Homes, including tower blocks, can now be made off-site with machines that could be operated by one person.
Daryl Patterson of Lend Lease Australia told a building conference last week that Cross Laminated Timber (CLT) - which uses several layers of wood, stacked crossways and bonded together - is an efficient and plentiful building product.
Patterson says if the system were adopted here then there would be little need to import concrete and steel for home construction and New Zealand would have a self-sustaining construction industry that could build homes faster and cheaper.
Patterson investigated CLT after seeing how robotic technology could use the fabricated wood product to make multi-storey buildings.

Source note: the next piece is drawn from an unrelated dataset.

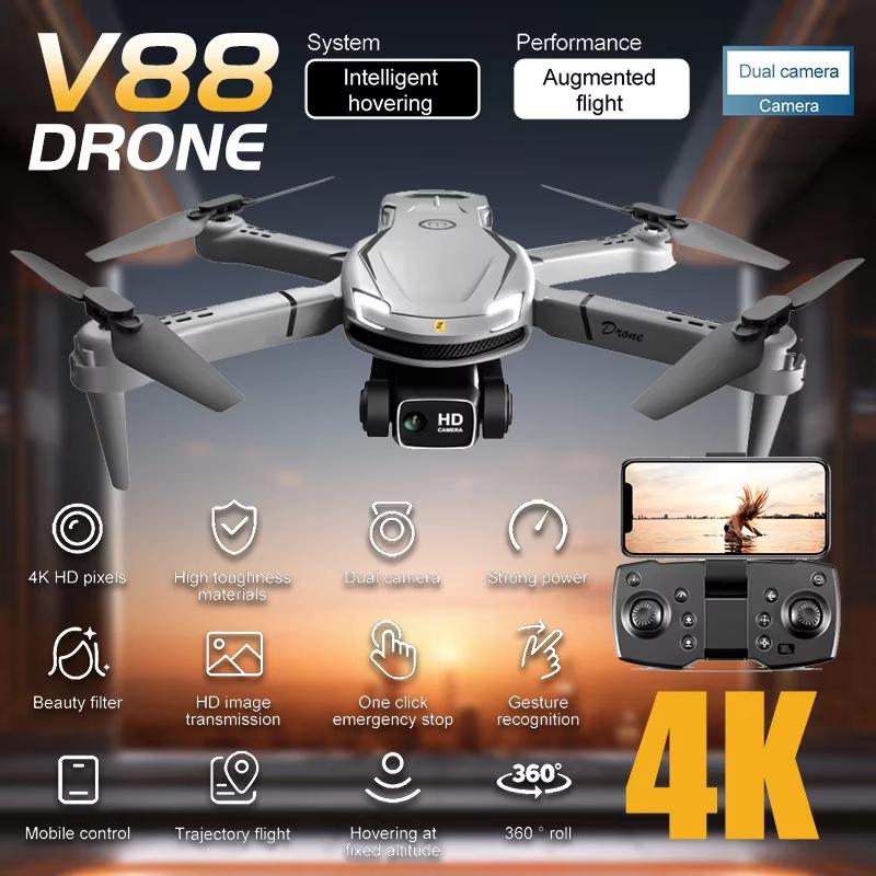 Nowy dron V88 4K HD z podwójną kamerą Fotografia lotnicza Inteligentny zawisający pilot zdalnego sterowania Składany samolot Prezent 360° Toczący się zdalnie sterowany quadrocopter Zabawka dla dzieci

"We looked at more than 100 options and it kept coming back to timber: easy to construct, sustainable, durable and cost efficient," he says.
"We can now design and manufacture an entire apartment block in a warehouse, from a computer software program and robotic [machinery] operated by one guy."
Patterson points to London's Graphite Apartments as one example.
"This was social and affordable housing where CLT was being used in very economically tight circumstances."
In 2013 Lend Lease used the system to build the Forte, a residential building that is Melbourne's tallest timber structure.
"What we found using CLT was, not only was it faster to build than a conventional building by 30 per cent, we also reduced truck movements to and from the site by 90 per cent."
Patterson says other benefits included a quieter construction site, a smaller construction crew and "significant thermal properties".
"Buyers were not concerned about what the building was built out of. They just wanted a nice, modern home."
• Tall Wood is using CLT at The Grounds, Hobsonville Point.